BEGIN DATA PROVIDED
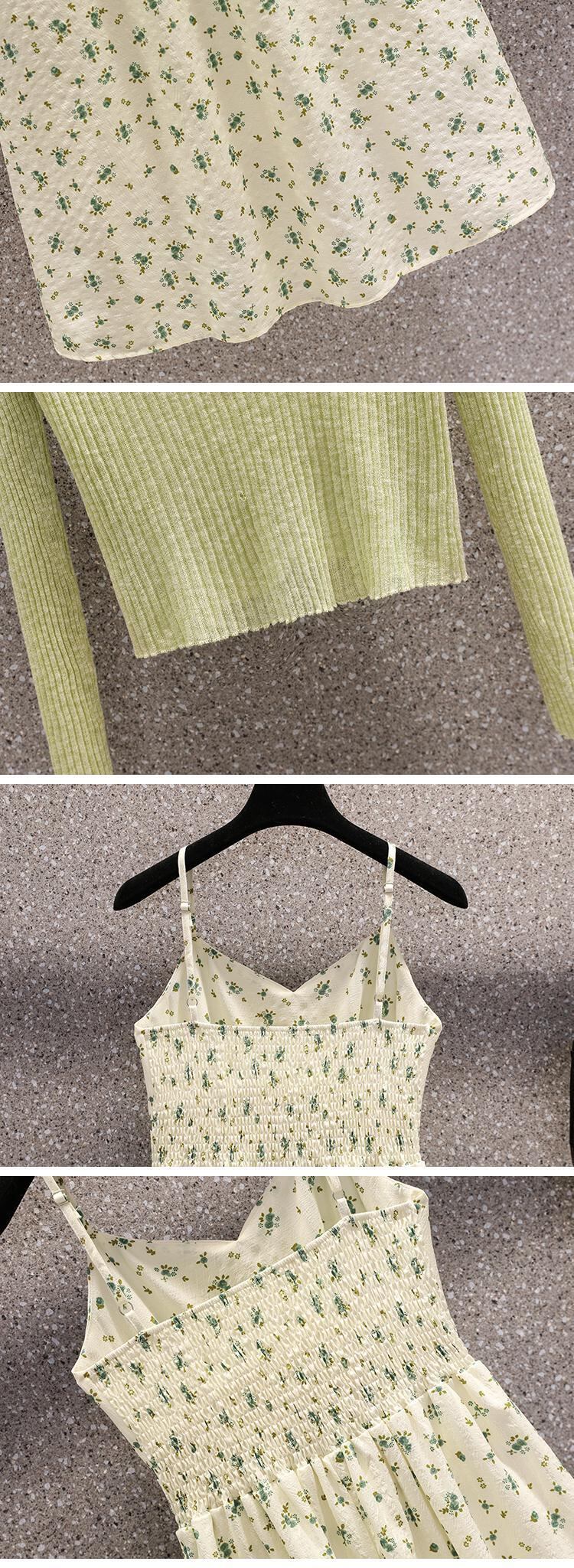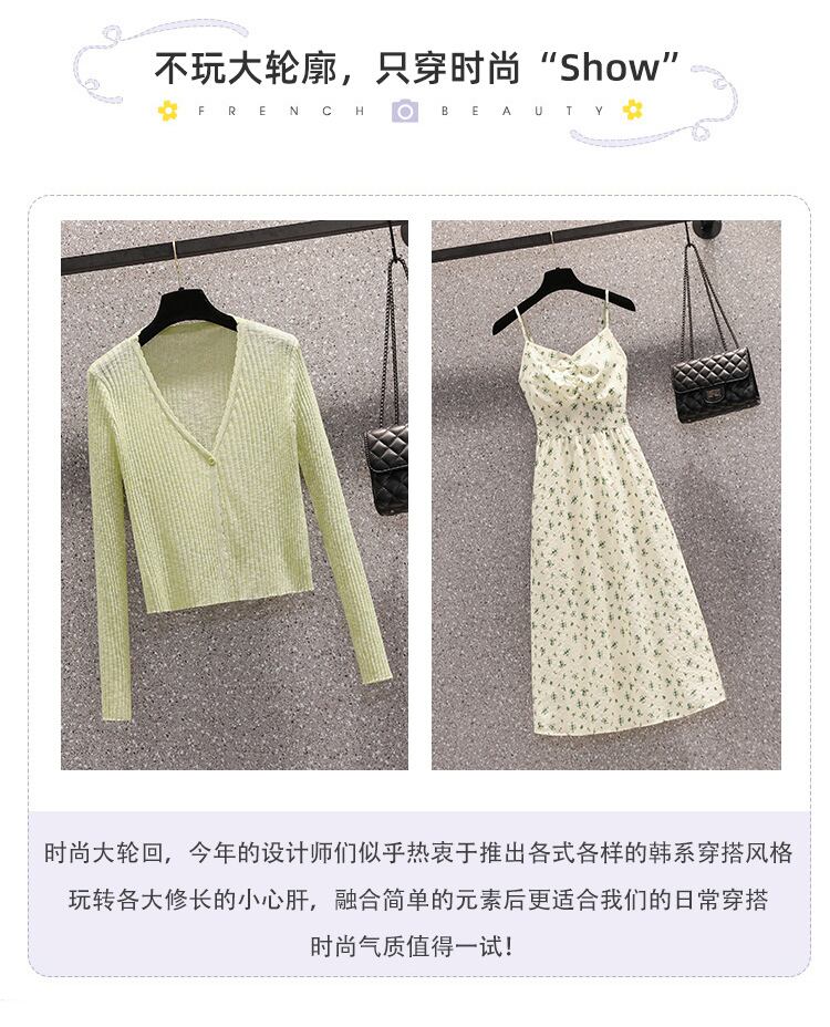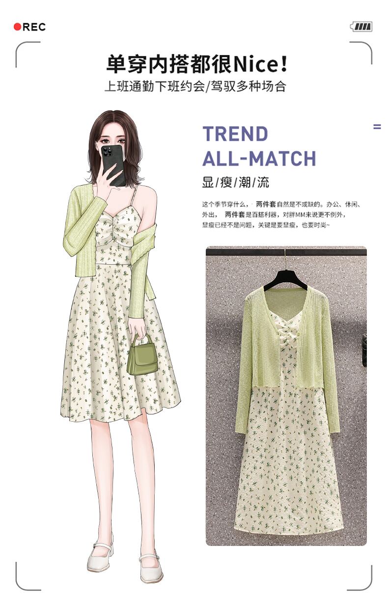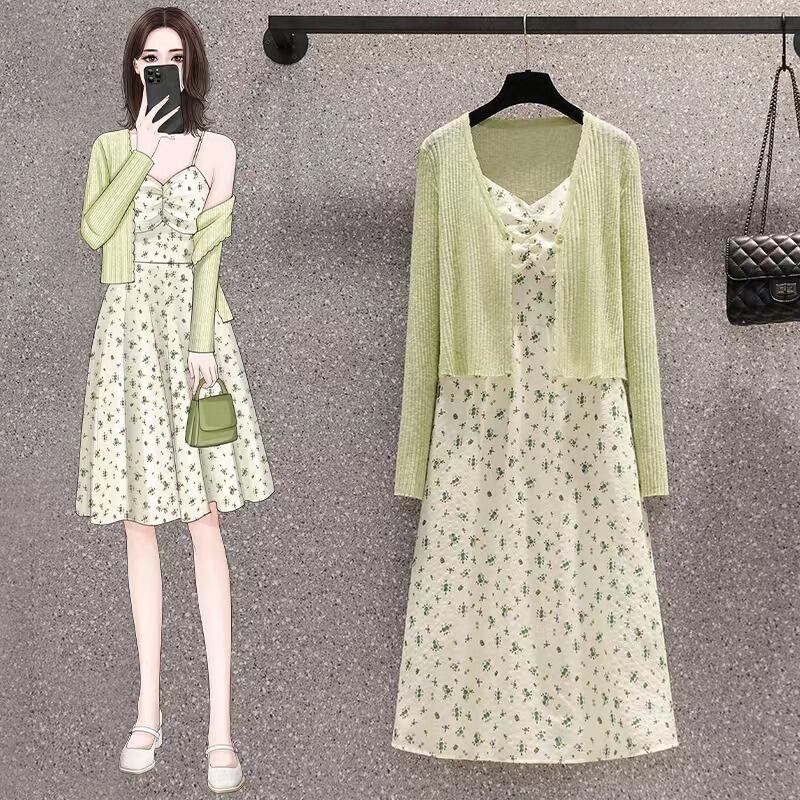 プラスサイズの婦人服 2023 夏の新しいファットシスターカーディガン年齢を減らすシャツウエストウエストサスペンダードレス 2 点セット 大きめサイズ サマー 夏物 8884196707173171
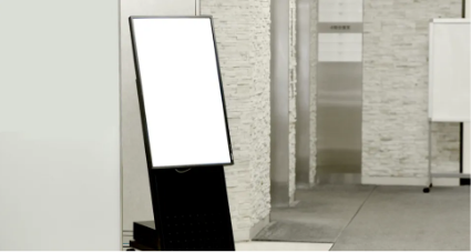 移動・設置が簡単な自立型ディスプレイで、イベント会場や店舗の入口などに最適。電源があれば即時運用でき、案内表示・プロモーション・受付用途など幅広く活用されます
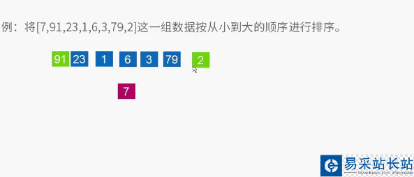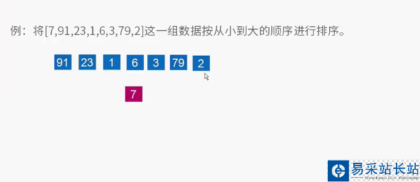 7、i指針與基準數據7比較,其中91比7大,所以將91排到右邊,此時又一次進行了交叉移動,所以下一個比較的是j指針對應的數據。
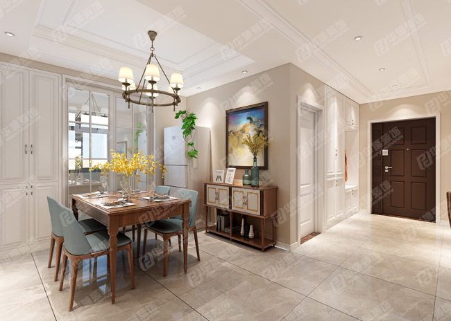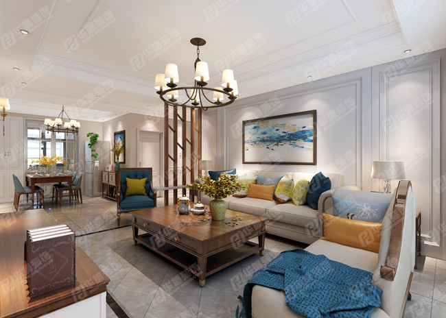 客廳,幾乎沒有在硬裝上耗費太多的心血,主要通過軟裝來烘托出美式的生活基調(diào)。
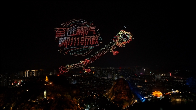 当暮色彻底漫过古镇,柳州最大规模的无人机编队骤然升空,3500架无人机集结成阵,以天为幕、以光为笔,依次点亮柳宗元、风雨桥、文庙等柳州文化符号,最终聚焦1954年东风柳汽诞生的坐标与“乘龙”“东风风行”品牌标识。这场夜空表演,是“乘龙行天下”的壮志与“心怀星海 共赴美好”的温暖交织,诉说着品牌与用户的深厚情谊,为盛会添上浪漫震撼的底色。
END DATA PROVIDED
--- EXERCISE GOAL ---
In the copy, each entry above must match exactly, and no picture may be carried over.

--- RESPONSE BOX ---
 プラスサイズの婦人服 2023 夏の新しいファットシスターカーディガン年齢を減らすシャツウエストウエストサスペンダードレス 2 点セット 大きめサイズ サマー 夏物 8884196707173171
 移動・設置が簡単な自立型ディスプレイで、イベント会場や店舗の入口などに最適。電源があれば即時運用でき、案内表示・プロモーション・受付用途など幅広く活用されます
 7、i指針與基準數據7比較,其中91比7大,所以將91排到右邊,此時又一次進行了交叉移動,所以下一個比較的是j指針對應的數據。
 客廳,幾乎沒有在硬裝上耗費太多的心血,主要通過軟裝來烘托出美式的生活基調(diào)。
 当暮色彻底漫过古镇,柳州最大规模的无人机编队骤然升空,3500架无人机集结成阵,以天为幕、以光为笔,依次点亮柳宗元、风雨桥、文庙等柳州文化符号,最终聚焦1954年东风柳汽诞生的坐标与“乘龙”“东风风行”品牌标识。这场夜空表演,是“乘龙行天下”的壮志与“心怀星海 共赴美好”的温暖交织,诉说着品牌与用户的深厚情谊,为盛会添上浪漫震撼的底色。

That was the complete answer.